*DATA EXTRACTS:*
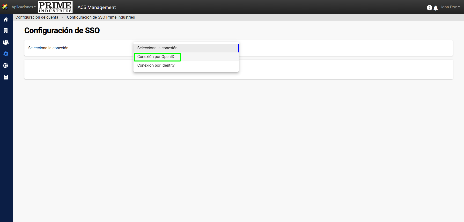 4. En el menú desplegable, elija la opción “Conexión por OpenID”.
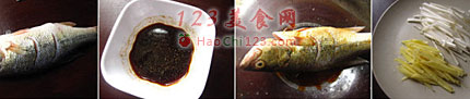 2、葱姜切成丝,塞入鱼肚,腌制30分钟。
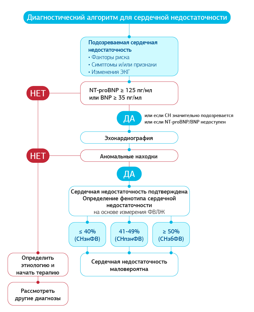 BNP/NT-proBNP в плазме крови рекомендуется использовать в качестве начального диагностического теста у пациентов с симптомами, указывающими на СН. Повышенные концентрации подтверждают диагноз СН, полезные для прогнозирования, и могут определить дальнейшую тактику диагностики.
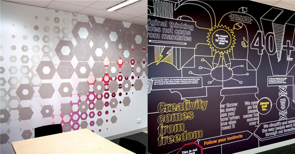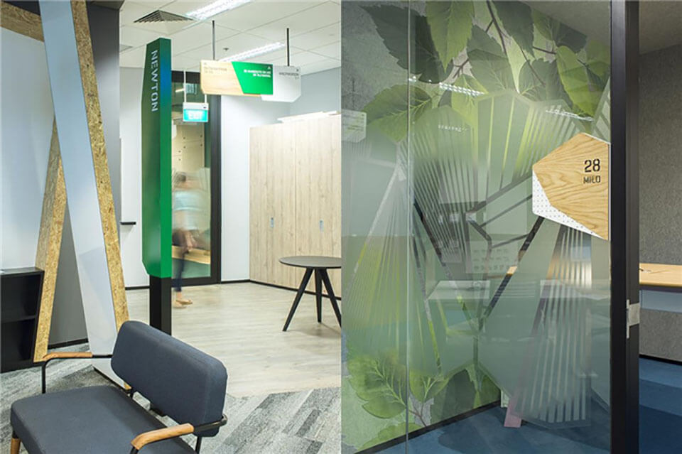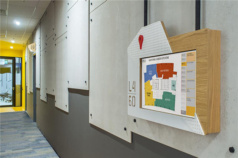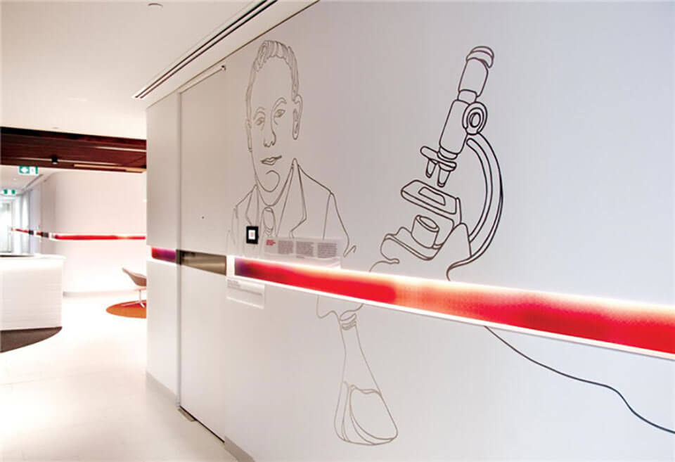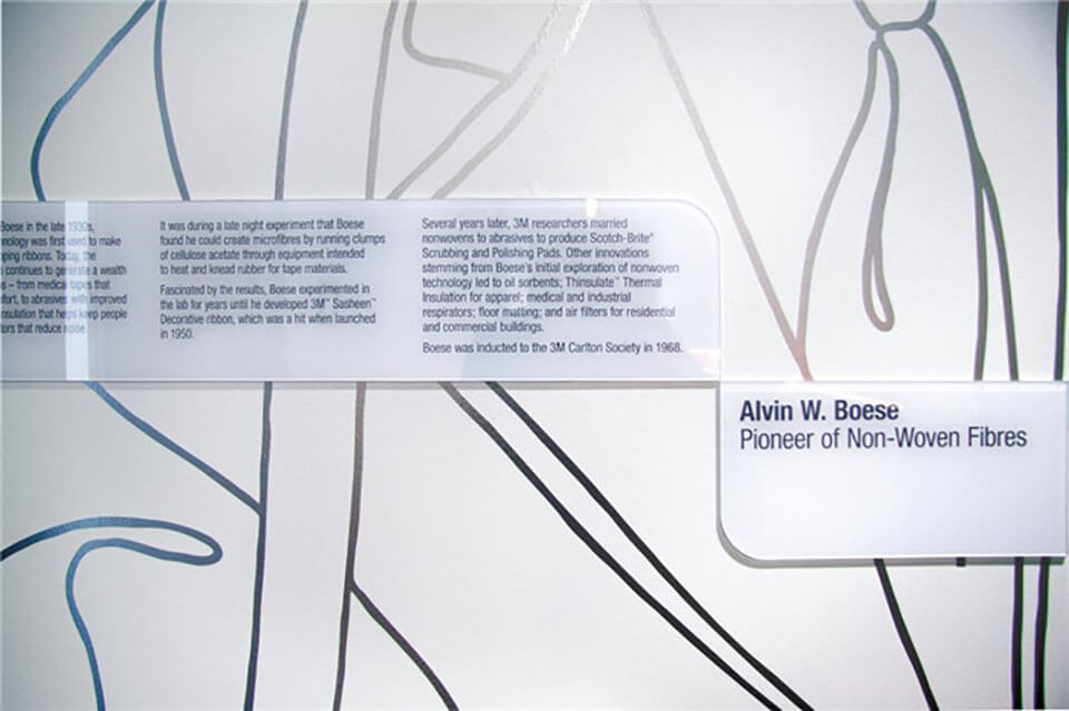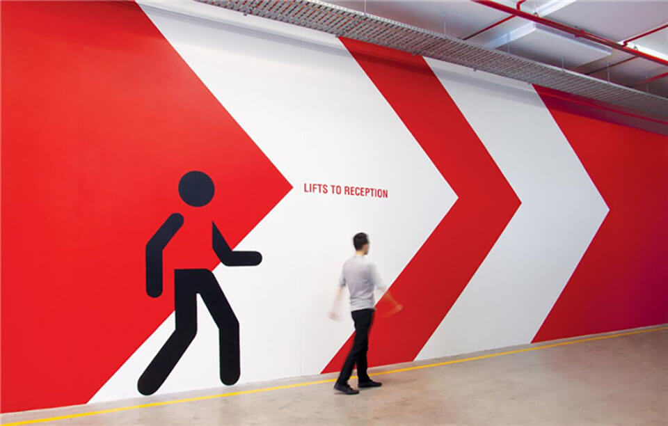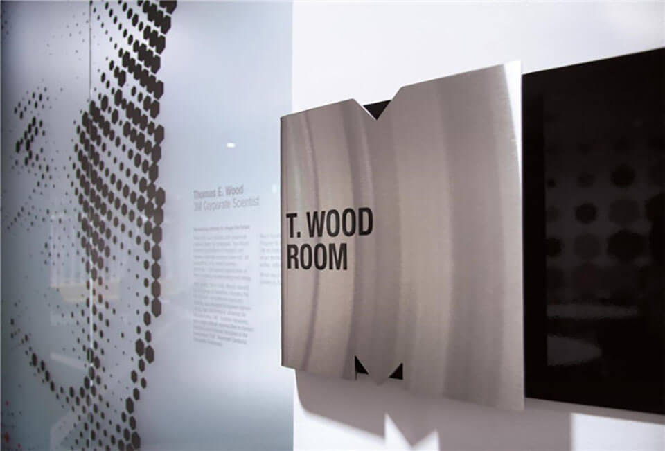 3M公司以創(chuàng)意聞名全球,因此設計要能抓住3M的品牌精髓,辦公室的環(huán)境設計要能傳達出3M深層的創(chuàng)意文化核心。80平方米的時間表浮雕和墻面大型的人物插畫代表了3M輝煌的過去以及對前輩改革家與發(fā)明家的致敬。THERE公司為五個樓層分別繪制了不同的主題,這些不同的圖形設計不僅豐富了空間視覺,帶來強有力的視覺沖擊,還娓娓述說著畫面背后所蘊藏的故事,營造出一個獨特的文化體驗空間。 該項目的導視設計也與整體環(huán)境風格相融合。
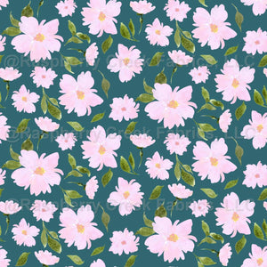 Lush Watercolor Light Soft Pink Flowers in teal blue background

*TASK PROMPT:* All lines between the one that contains "3M公司以創(chuàng)" and the end of the records above, both included, are to be returned exactly as they stand, except for pictures, which are omitted.

*SOLUTION BELOW:*
 3M公司以創(chuàng)意聞名全球,因此設計要能抓住3M的品牌精髓,辦公室的環(huán)境設計要能傳達出3M深層的創(chuàng)意文化核心。80平方米的時間表浮雕和墻面大型的人物插畫代表了3M輝煌的過去以及對前輩改革家與發(fā)明家的致敬。THERE公司為五個樓層分別繪制了不同的主題,這些不同的圖形設計不僅豐富了空間視覺,帶來強有力的視覺沖擊,還娓娓述說著畫面背后所蘊藏的故事,營造出一個獨特的文化體驗空間。 該項目的導視設計也與整體環(huán)境風格相融合。
 Lush Watercolor Light Soft Pink Flowers in teal blue background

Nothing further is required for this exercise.